Wednesday, 14 October 2009

The graphic mashup, or branding sample, is back in the news. As I posted earlier this year, a furniture shop in Edinburgh used a brilliant IKEA mashup, featuring the wordplay 'IKANA' as part of their summer sale campaign.

And now, none other than the Sex Pistols are threatening legal action against an ice-cream company who have produced an advert borrowing heavily from Jamie Reid's famous God Save the Queen artwork of 1977 -

God Save the Queen

'Icecreamists', as they amusingly call themselves, are the company behind the ad campaign. They are using the strapline "God Save the Cream" on a black and pink sample which bears a noticeable resemblance to the aforementioned famous 7" single sleeve, and mimicks the Pistols visual imagery in general. Sounds great, and it doesn't look too bad either :

God Save the Cream

From what I've read, Icecreamists are running a concession within the Selfridges storefront on Oxford Street, central London, until November. They describe their company as a "subversive ice-cream brand", and one of their products is an ice-cream cocktail called the Sex Pistol, which comes with a shot of absinthe.
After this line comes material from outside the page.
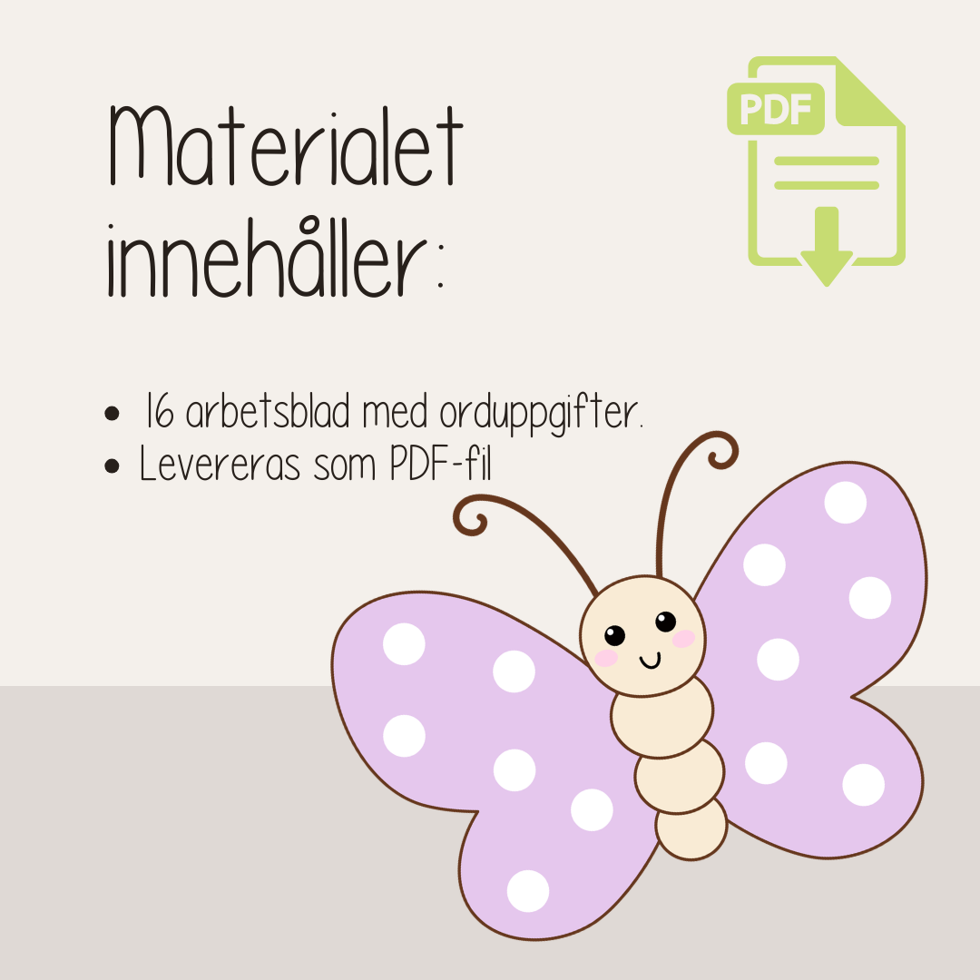 16 olika arbetsblad med uppgift att spåra ord med vårtema. Spåra ordet Färglägg bilden Skriv en mening Levereras som en PDF-fil

So far, I am liking this company a lot.

Which is why it's so disappointing to hear that the Sex pistols, who championed the do-it-yourself ethos, and made getting banned the essential punk credential, are now attempting to ban somebody who has subverted them.

Lawyers representing the band (further gasps and gobs of incredulity) have written to Icecreamists demanding that they stop using the Sex Pistols-related strapline and imagery on all their promotional material.

God only knows how much the Pistols, Lydon in particular, has made in royalty rights from music, posters and everything else that has been flogged to death since the band's demise in 1978. Of course the whole concept the band were responsible for creating has by-and-large been swallowed up by modern commercialism, and this saga should actually be welcomed as a breath of fresh air to the originators.

Which brings us to the real crux of the matter.

Nowadays, what's rotten about Johnny isn't his teeth, or his hair, or his snarl, but his penchant for embarrassing publicity stunts. These include appearing in a £5m TV campaign for the Country Life butter, getting marooned in a reality TV show, and reforming the Pistols as a novelty stadium band - giving performances where he spends half the time boasting about being 50 and having a beer belly (see Julien Temple's film of the Pistols Reunion Live in London, 2008).

Only the music remains now, and of course the imagery, which has a life of its own and belongs to us all.